Farshid Bazmandegan:

Farshid Bazmandegan’s work explores the intersection of space, memory, and the material world to examine the complexities of exile and displacement. Through his practice he looks at how Western ideologies and imperial interests have shaped the lives of many in the Middle East, including his own. By delving into personal, political, and historical narratives, Bazmandegan reflects on the idea of a body without a home in the landscape of exile.

Farshid Bazmandegan was born and raised in Iran. He is an Iranian-American artist currently living and working in Los Angeles, California. Bazmandegan received his MFA from UCLA in 2024 and his BA from UC San Diego in 2017. 



Jackie Castillo:

Rooted in film photography, sculpture, and installation, Jackie Castillo’s work is marked by an ongoing investigation into the relationship between city infrastructure, collective memory, and the isolation and anxiety felt by working class immigrants. Born in working class Orange County, California to parents who immigrated from Guadalajara, Mexico, Castillo’s site-specific installations combine photographs of suburban landscapes with architectural remnants to explore the ways in which place, labor, memories, and identity can become fractured, estranged, or made invisible. Her photographic work and research have largely focused on the history of land development in Southern California and its vast, yet violent relationship with the cultural and material landscapes of this region. 


Jackie Castillo studied at the School of Photography at Orange Coast College before transferring to the UCLA School of Arts and Architecture where she received her BA in Art in 2018. She is currently a Master of Fine Arts candidate at the USC Roski School of Art and Design.

 

Amina Cruz:

Amina Cruz's work stems from a deep interest in investigating the areas between  transformation and identity, personal narratives and how we are shaped by the spaces we inhabit. She is an interdisciplinary artist that uses photography as her main form of exploration and she employs surrendering to materials and collaboration as tools to investigate visual representations and forms of identity.  

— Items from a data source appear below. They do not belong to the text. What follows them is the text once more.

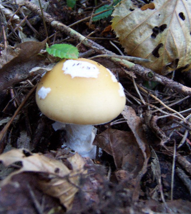 A young specimen of Amanita gemmata, the Gemmed mushroom. Photo taken September 9, 2006, in Königsforst near Cologne, Germany. Due to dry and warm weather in the preceding days, the color of the cap is less bright than the more typical corn yellow (seen e.g. in File:Amanita gemmata von hms.jpg). A false death cap would have an almost white cap under such conditions.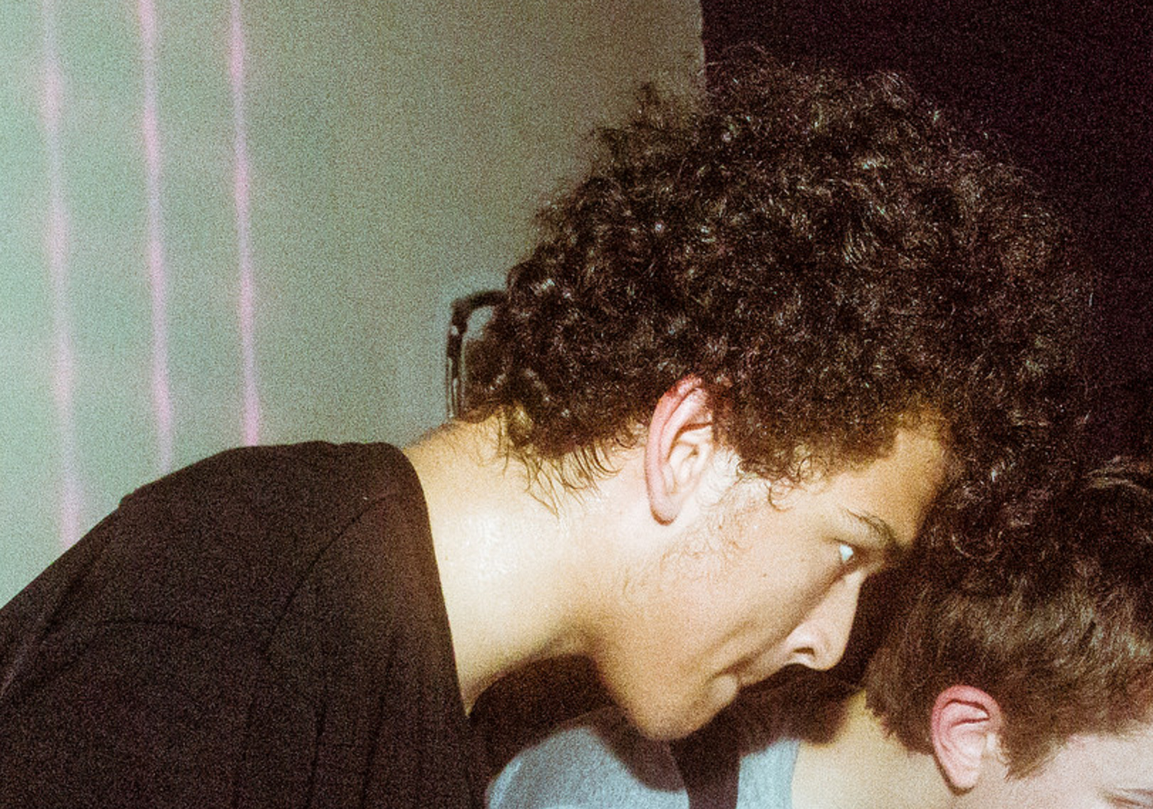 Yung Gud performing with Yung Lean and his sad boys. Photo taken in 2014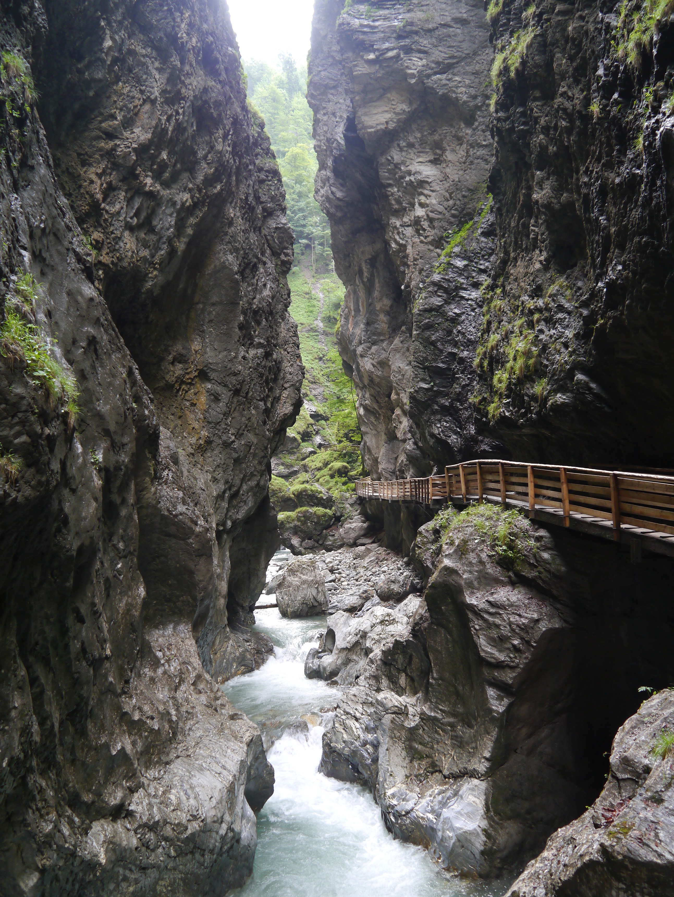 Liechtenstein Ravine, Federal State of Salzburg (Austria)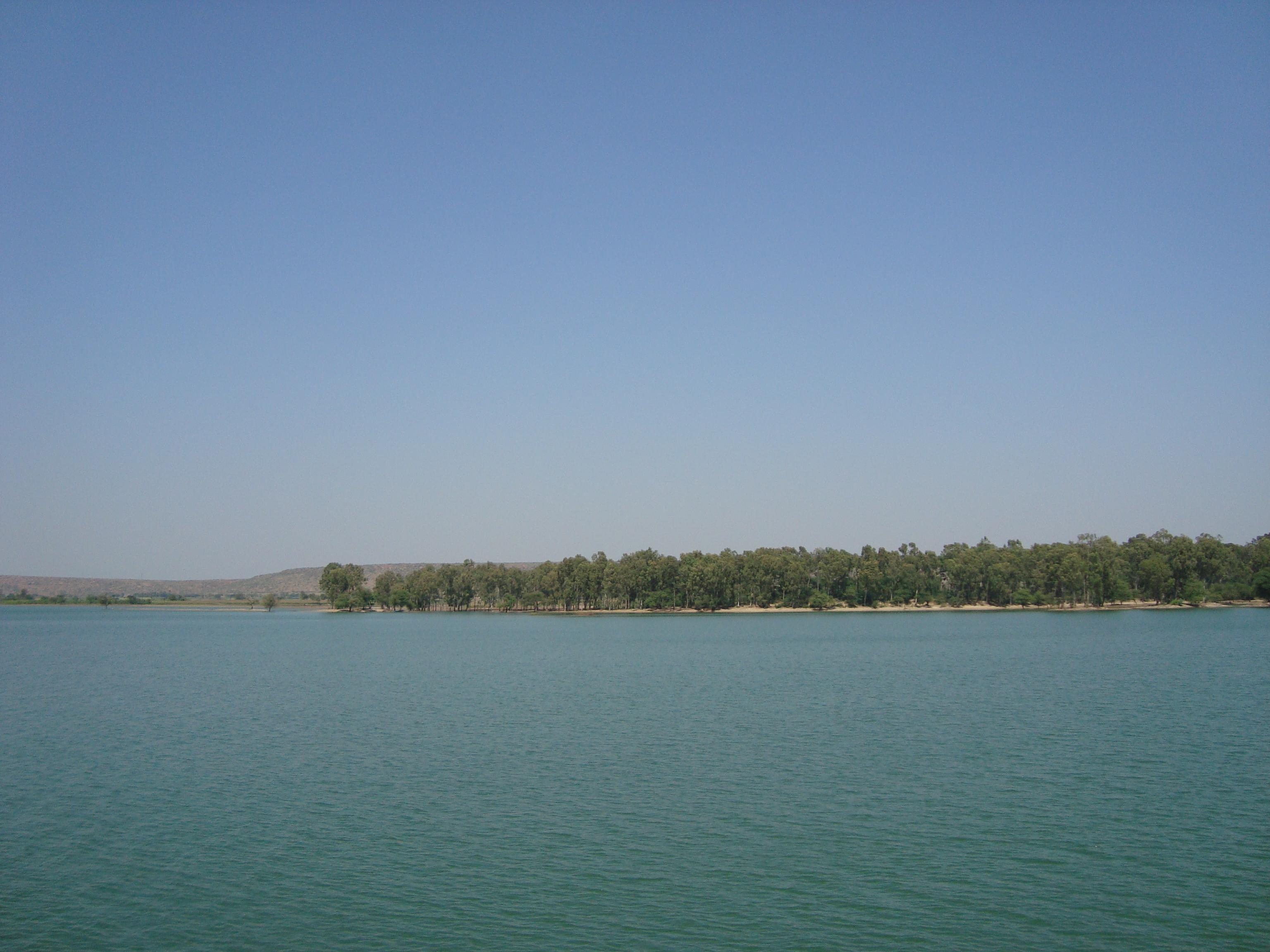 Navilateertha, Savadatti, Renuka sagara Author and Source : Manjunath Doddamani, Gajendragad, Karnataka (North), India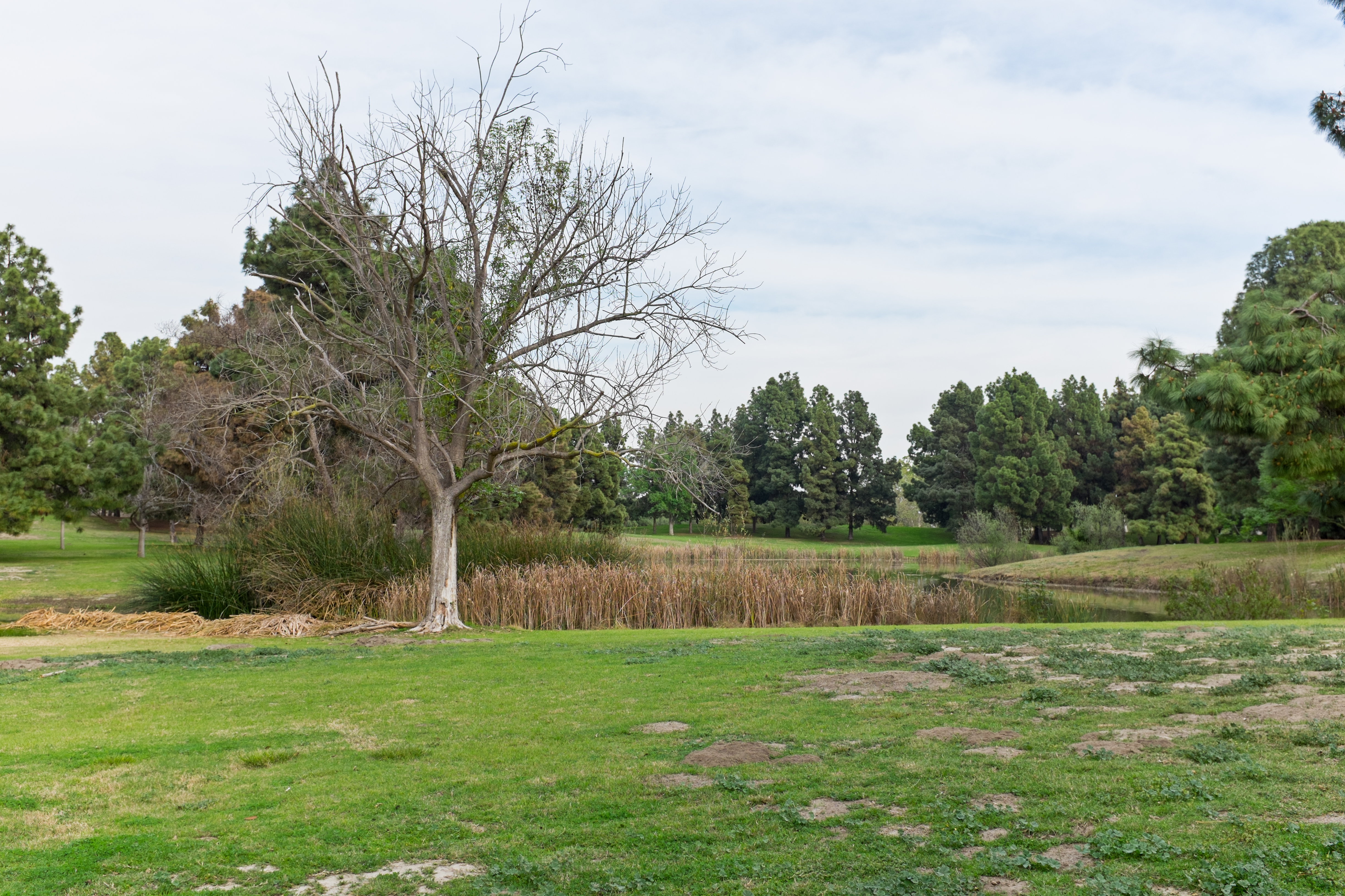 Horseshoe lake (bottom part) of El Dorado regional park

She is interested in art that brings viewers into a deeper connection with the preciousness and difficulty of a changing self and in-between moments. Moments that ask questions of purpose and belonging. 

Amina Cruz was born and lives in Los Angeles, CA. She hitchhiked around  the country before deciding to move to New York City, where she earned  her BFA in Photography from Parsons School of Design. She also holds a  MFA from UCLA. Her interests are based in queer culture, early 1900’s  photography techniques, and exploring the space between transformation and identity. 


Rachel Hakimian Emenaker:

Rachel Hakimian Emenaker is an Armenian-American artist with an MFA in painting from UCLA (2024), currently living in Los Angeles. Raised between Paramaribo, Suriname, and Moscow, Russia, she grew up immersed in diverse and often conflicting narratives, aesthetics, and histories which influence her practice. Her work blends traditional Eastern and Western art and craft practices with themes of commodification, global trade, and migration. Through her installations, she reimagines architecture as symbolic spaces where histories collide, erasure and diasporic memory reshape identity and the landscape, and new languages are formed, offering a nuanced perspective on geopolitics, culture, and globalization.


Jackson Hunt:

Jackson Hunt is an artist working primarily in painting. Hunt’s abstract works utilize a personal archive of images to engage with slippage of memory and image construction as a material process. Combining collage, paint and mixed media, Hunt examines family histories, documentation and representation through an autoethnographic framework and proposes that a painting can contain history with or without legibility. 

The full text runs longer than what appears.